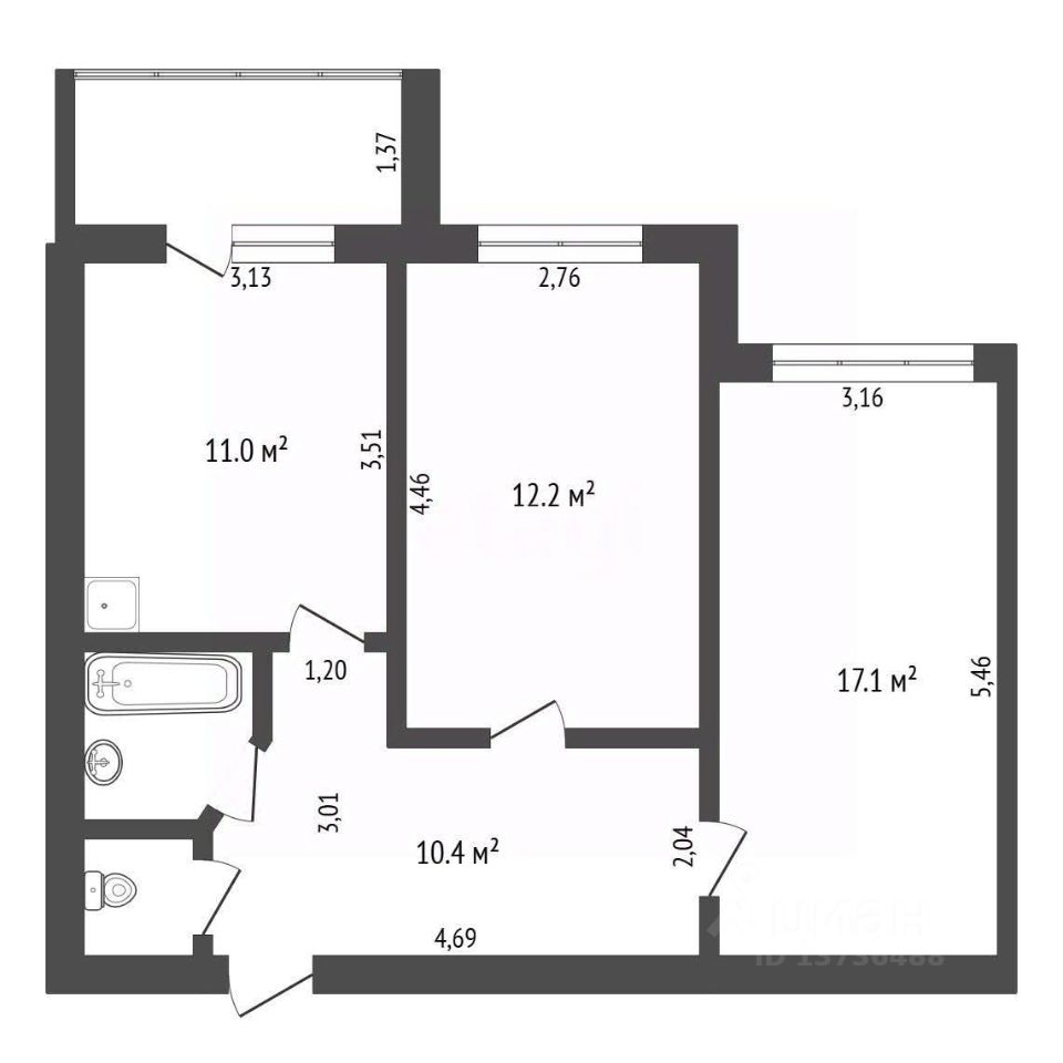 2-к, Свободная, 197
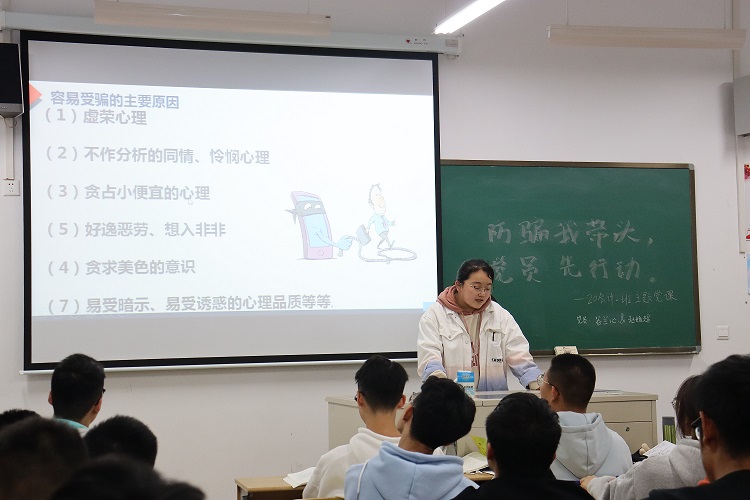 在20会计学二班,学生党员谷兰心同志从“什么是诈骗”、“诈骗的常见形式”、“如何识别防范诈骗”和“上当后的补救措施”四个角度为同学们开展了这一次的主题党课。
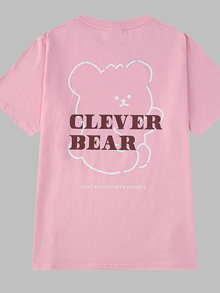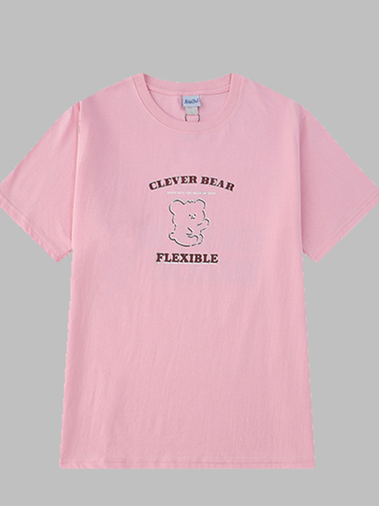 胸前有着可爱的卡通橡皮小熊的印花设计,简简单单的线条勾勒出了童趣感。基础的纯色色调,百搭又耐看。
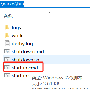 在下载的Nacos解压包解压到对应文件夹下,然后进入/nacos/bin文件夹下双击 startup.cmd 打开Nacos。
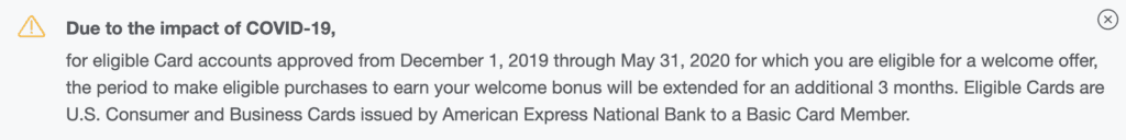 Due to the impact of COVID-19, for eligible Card accounts approved from December 1, 2019 through May 31, 2020 for which you are eligible for a welcome offer, the period to make eligible purchases to earn your welcome bonus will be extended for an additional 3 months. Eligible Cards are U.S. Consumer and Business Cards issued by American Express National Bank to a Basic Card Member.
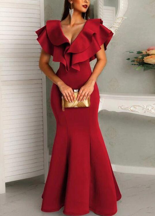 Floor Length A Line Deep V Layered Ruffles Evening Dresses
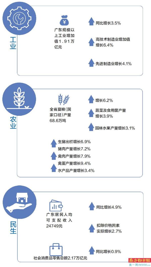 ◎在异常复杂困难局面下,广东主要经济指标实现正增长。其中规模以上工业增加值同比增长3.5%,固定资产投资同比增长1.0%,货物进出口总额3.91万亿元,同比增长2.8%。
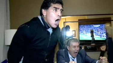 En el programa De Zurda, que el 'Pelusa' conduce junto al periodista Víctor Hugo Morales, en la cadena Telesur, pasaron el momento en que el astro del fútbol mundial celebró los goles de Luis Suárez antes los ingleses.
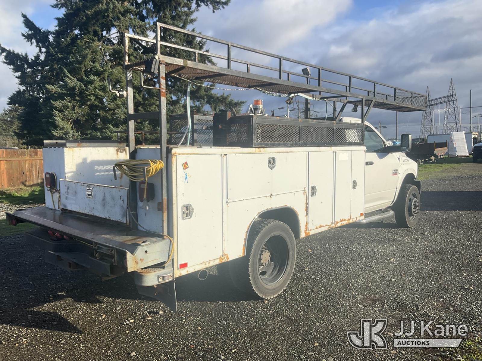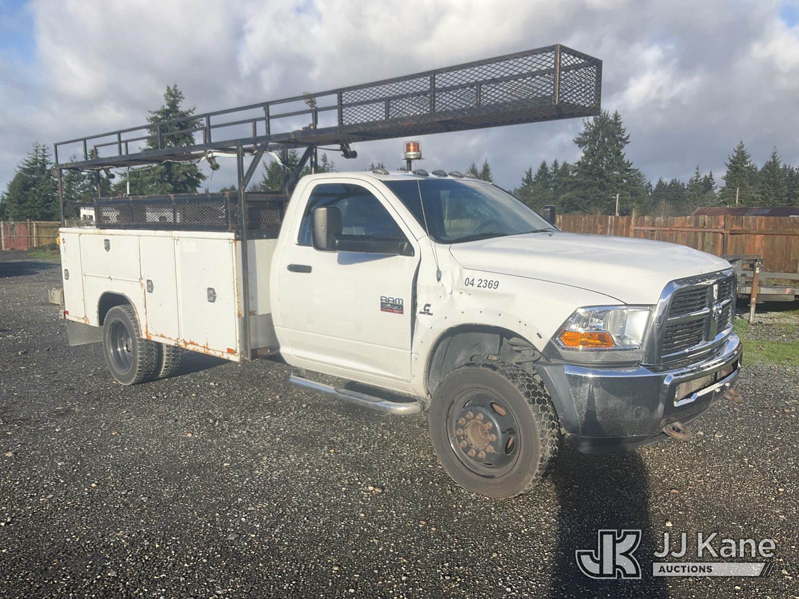 2011 Dodge Ram 5500 4x4 Service Truck, 6.7L L6 OHV 24V TURBO diesel, 6-Speed Automatic, A/C, (156,564 miles) (Runs & Moves) (Body Damage) This is a Titled Item NOTE: This unit is being sold AS IS/WHERE IS via Timed Auction and is located in Eatonville, WA. Inspection & preview days for this unit are by appointment only; please contact us at contact@jjkane.com or 84-Go-JJKane for more details. (Buyer is responsible for removal. Assistance by consignor or JJ Kane Auctions is not assured.)
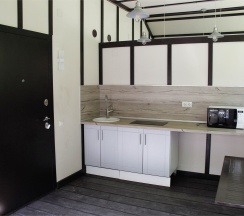 Уютные улучшенные апартаменты расположены в небольших деревянных домиках, в них есть все необходимое для комфортного отдыха – кровати , телевизор с диагональю 43 дюйма, холодильник, кондиционер, сан.узел. Все номера укомплектованы наборами кастрюль, посудой, всем для приготовления еды.Своя отдельная терраса.
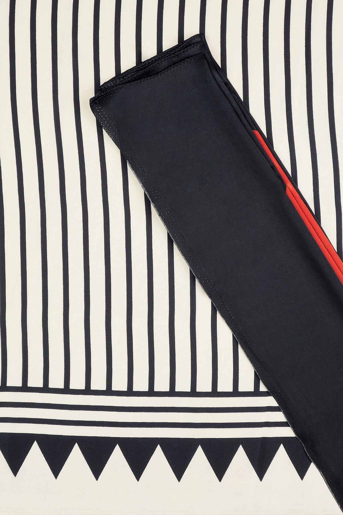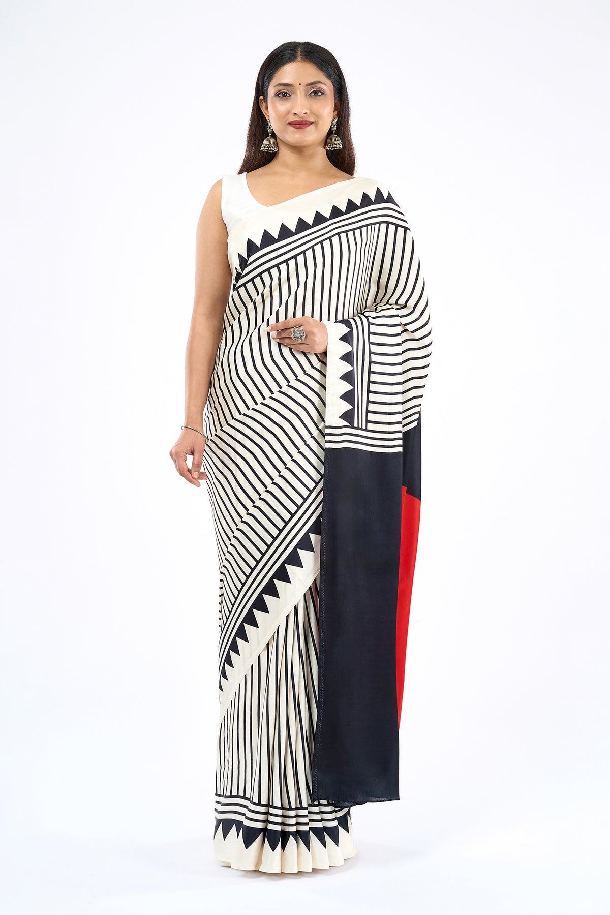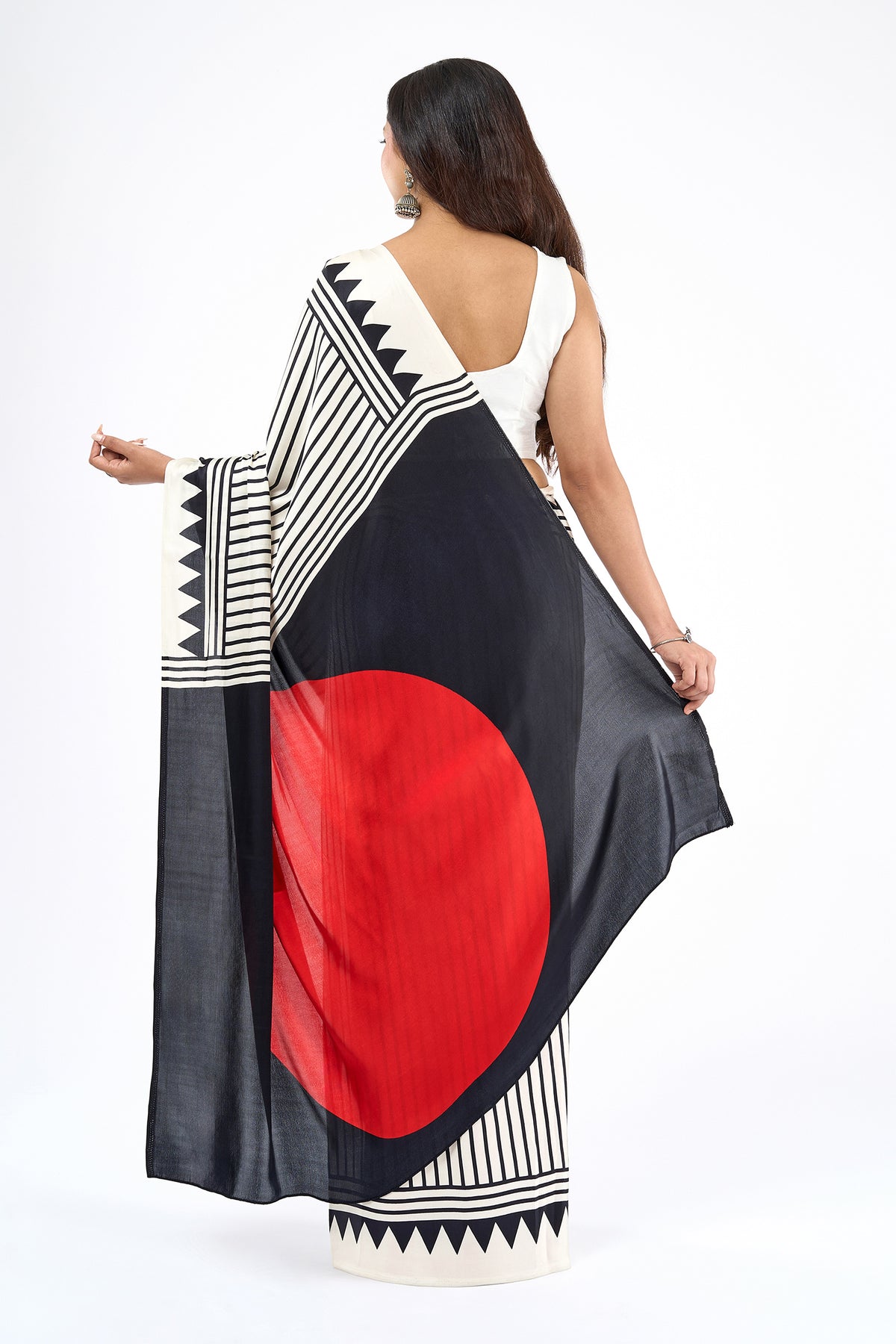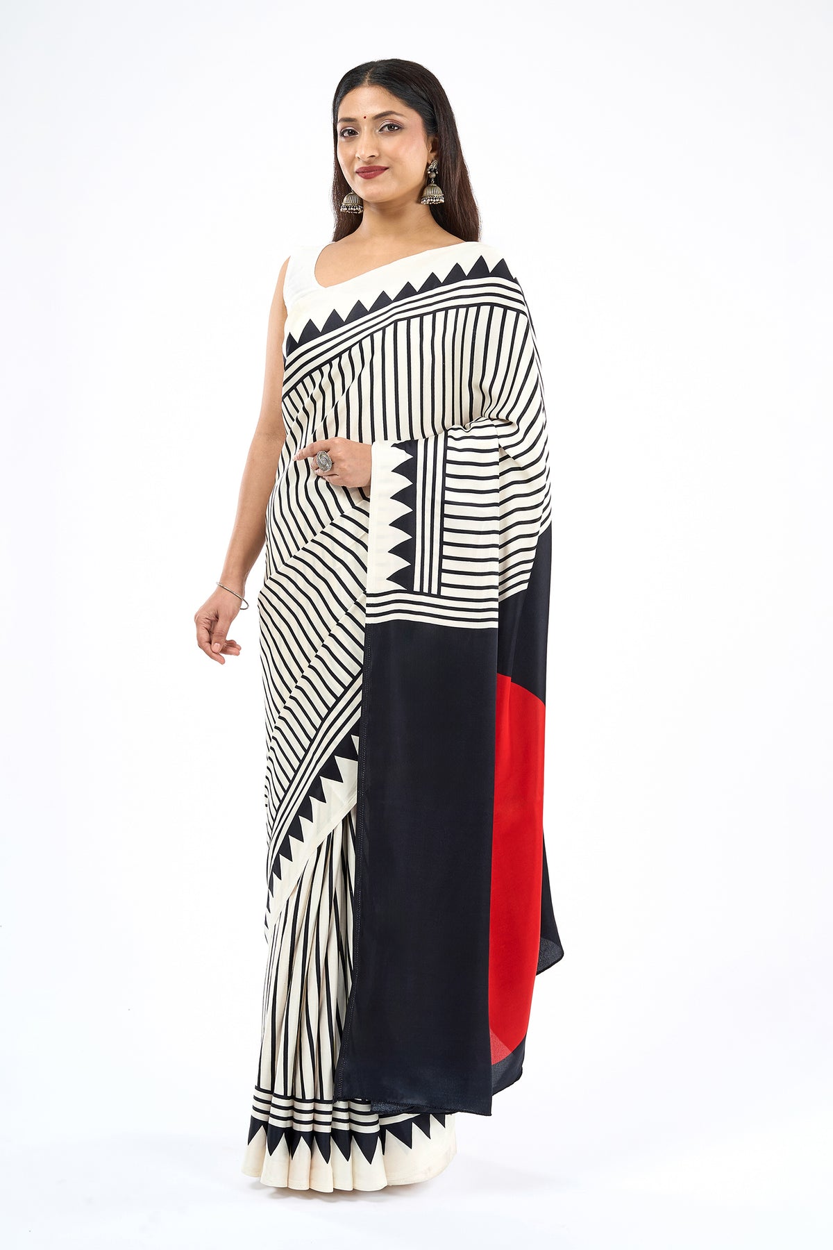 Playful and edgy, the Teejh Zafna Saree brings together cream, black, and red in a stunning digital print — a perfect mix of tradition and boldness.
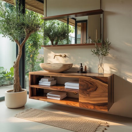 Regular price $1,400.00Unit price /UnavailableEchra Rustic Handcrafted Solid Wood Floating Bathroom Vanity Slab
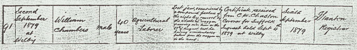 On Saturday the 30th August 1879, William was in charge of a wagon and four horses when he fell from his seat. The wheels of the wagon passed over his right leg, crushing it so badly that the bone was shattered in a compound fracture. Mr C. G. Read, a surgeon from Stradbroke, attended him and decided that the only course of action was amputation. The operation was carried out, but two days later tetanus set in, the bacteria entering through the catastrophic wound, and on Tuesday the 2nd September, William dieda19. He was forty-six years old. Robert, his youngest child, was just four months old.
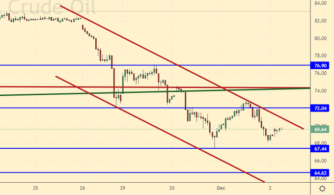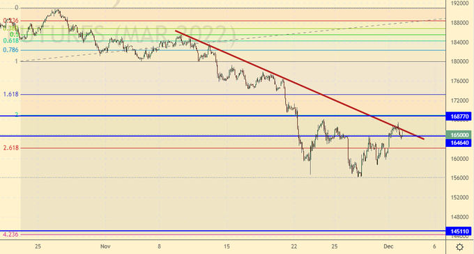 Хорошие уровни для входа в шорт. Рынок акций не станет сегодня проявлять себя в позитивном ключе пока не получит информацию со стороны ОПЕК+. Если сюрпризов не будет, то мы должны продолжить падение в район 150000, после чего начнется Новогоднее ралли.
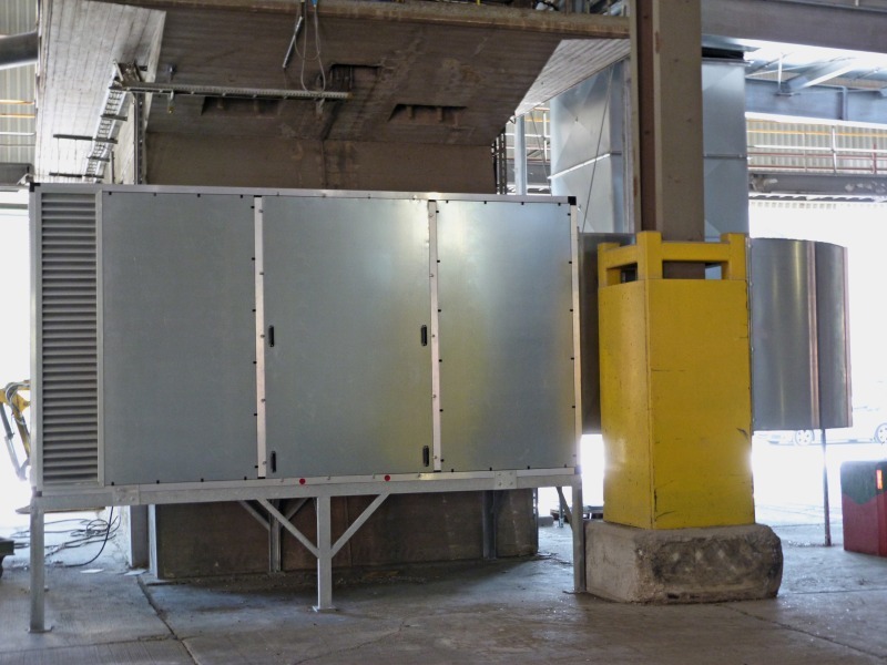 The air is supplied by two axial fans with an impeller diameter of 1600 mm and a drive power of 45 kW. With each of these axial fans, 130 000 m3 of air per hour is uniformly distributed over the surface of the kiln shell. To reduce their noise emission, the axial fans are equipped with an intake air silencer and an exhaust air silencer, and are assembled as a compact unit (Fig. 4). By means of butterfly dampers installed in the individual nozzles, the supplied air can be throttled to the desired velocity (max. 20 m/s), and specifically delivered to the area of the kiln shell that requires cooling. In this manner, the cooling system can be adapted to changing requirements.
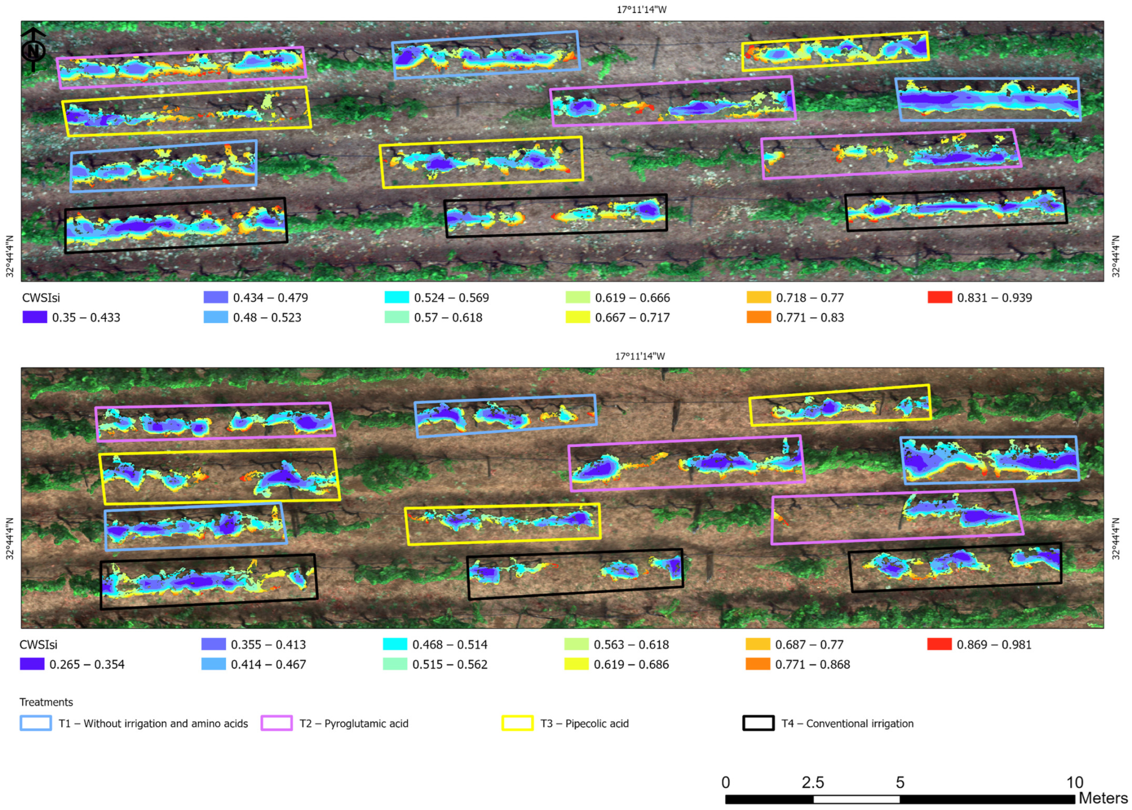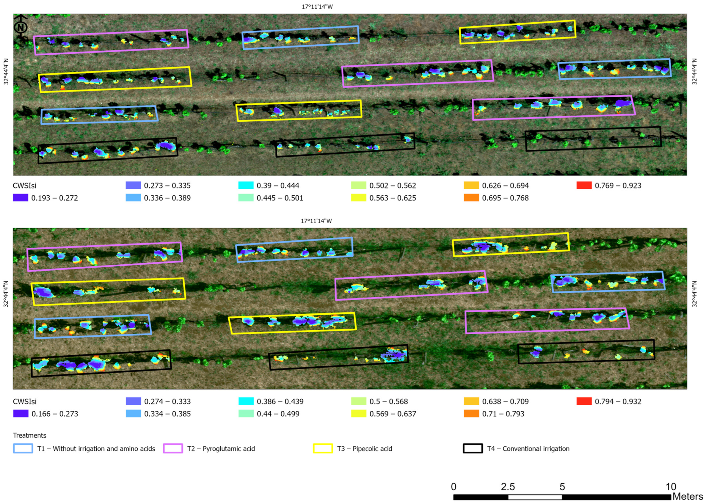 - UAV-derived multispectral and thermal indices successfully captured grapevine vigor and water stress responses to amino acid-based biostimulants under contrasting drought conditions.

------------------------

**WHAT YOU NEED TO DO:**
Word for word, repeat the lines of data above, omitting every picture.

**EXERCISE SOLUTION:**
 2-к, Свободная, 197
 在20会计学二班,学生党员谷兰心同志从“什么是诈骗”、“诈骗的常见形式”、“如何识别防范诈骗”和“上当后的补救措施”四个角度为同学们开展了这一次的主题党课。
 胸前有着可爱的卡通橡皮小熊的印花设计,简简单单的线条勾勒出了童趣感。基础的纯色色调,百搭又耐看。
 在下载的Nacos解压包解压到对应文件夹下,然后进入/nacos/bin文件夹下双击 startup.cmd 打开Nacos。
 Due to the impact of COVID-19, for eligible Card accounts approved from December 1, 2019 through May 31, 2020 for which you are eligible for a welcome offer, the period to make eligible purchases to earn your welcome bonus will be extended for an additional 3 months. Eligible Cards are U.S. Consumer and Business Cards issued by American Express National Bank to a Basic Card Member.
 Floor Length A Line Deep V Layered Ruffles Evening Dresses
 ◎在异常复杂困难局面下,广东主要经济指标实现正增长。其中规模以上工业增加值同比增长3.5%,固定资产投资同比增长1.0%,货物进出口总额3.91万亿元,同比增长2.8%。
 En el programa De Zurda, que el 'Pelusa' conduce junto al periodista Víctor Hugo Morales, en la cadena Telesur, pasaron el momento en que el astro del fútbol mundial celebró los goles de Luis Suárez antes los ingleses.
 2011 Dodge Ram 5500 4x4 Service Truck, 6.7L L6 OHV 24V TURBO diesel, 6-Speed Automatic, A/C, (156,564 miles) (Runs & Moves) (Body Damage) This is a Titled Item NOTE: This unit is being sold AS IS/WHERE IS via Timed Auction and is located in Eatonville, WA. Inspection & preview days for this unit are by appointment only; please contact us at contact@jjkane.com or 84-Go-JJKane for more details. (Buyer is responsible for removal. Assistance by consignor or JJ Kane Auctions is not assured.)
 Уютные улучшенные апартаменты расположены в небольших деревянных домиках, в них есть все необходимое для комфортного отдыха – кровати , телевизор с диагональю 43 дюйма, холодильник, кондиционер, сан.узел. Все номера укомплектованы наборами кастрюль, посудой, всем для приготовления еды.Своя отдельная терраса.
 Playful and edgy, the Teejh Zafna Saree brings together cream, black, and red in a stunning digital print — a perfect mix of tradition and boldness.
 Regular price $1,400.00Unit price /UnavailableEchra Rustic Handcrafted Solid Wood Floating Bathroom Vanity Slab
 On Saturday the 30th August 1879, William was in charge of a wagon and four horses when he fell from his seat. The wheels of the wagon passed over his right leg, crushing it so badly that the bone was shattered in a compound fracture. Mr C. G. Read, a surgeon from Stradbroke, attended him and decided that the only course of action was amputation. The operation was carried out, but two days later tetanus set in, the bacteria entering through the catastrophic wound, and on Tuesday the 2nd September, William dieda19. He was forty-six years old. Robert, his youngest child, was just four months old.
 Хорошие уровни для входа в шорт. Рынок акций не станет сегодня проявлять себя в позитивном ключе пока не получит информацию со стороны ОПЕК+. Если сюрпризов не будет, то мы должны продолжить падение в район 150000, после чего начнется Новогоднее ралли.
 The air is supplied by two axial fans with an impeller diameter of 1600 mm and a drive power of 45 kW. With each of these axial fans, 130 000 m3 of air per hour is uniformly distributed over the surface of the kiln shell. To reduce their noise emission, the axial fans are equipped with an intake air silencer and an exhaust air silencer, and are assembled as a compact unit (Fig. 4). By means of butterfly dampers installed in the individual nozzles, the supplied air can be throttled to the desired velocity (max. 20 m/s), and specifically delivered to the area of the kiln shell that requires cooling. In this manner, the cooling system can be adapted to changing requirements.
 - UAV-derived multispectral and thermal indices successfully captured grapevine vigor and water stress responses to amino acid-based biostimulants under contrasting drought conditions.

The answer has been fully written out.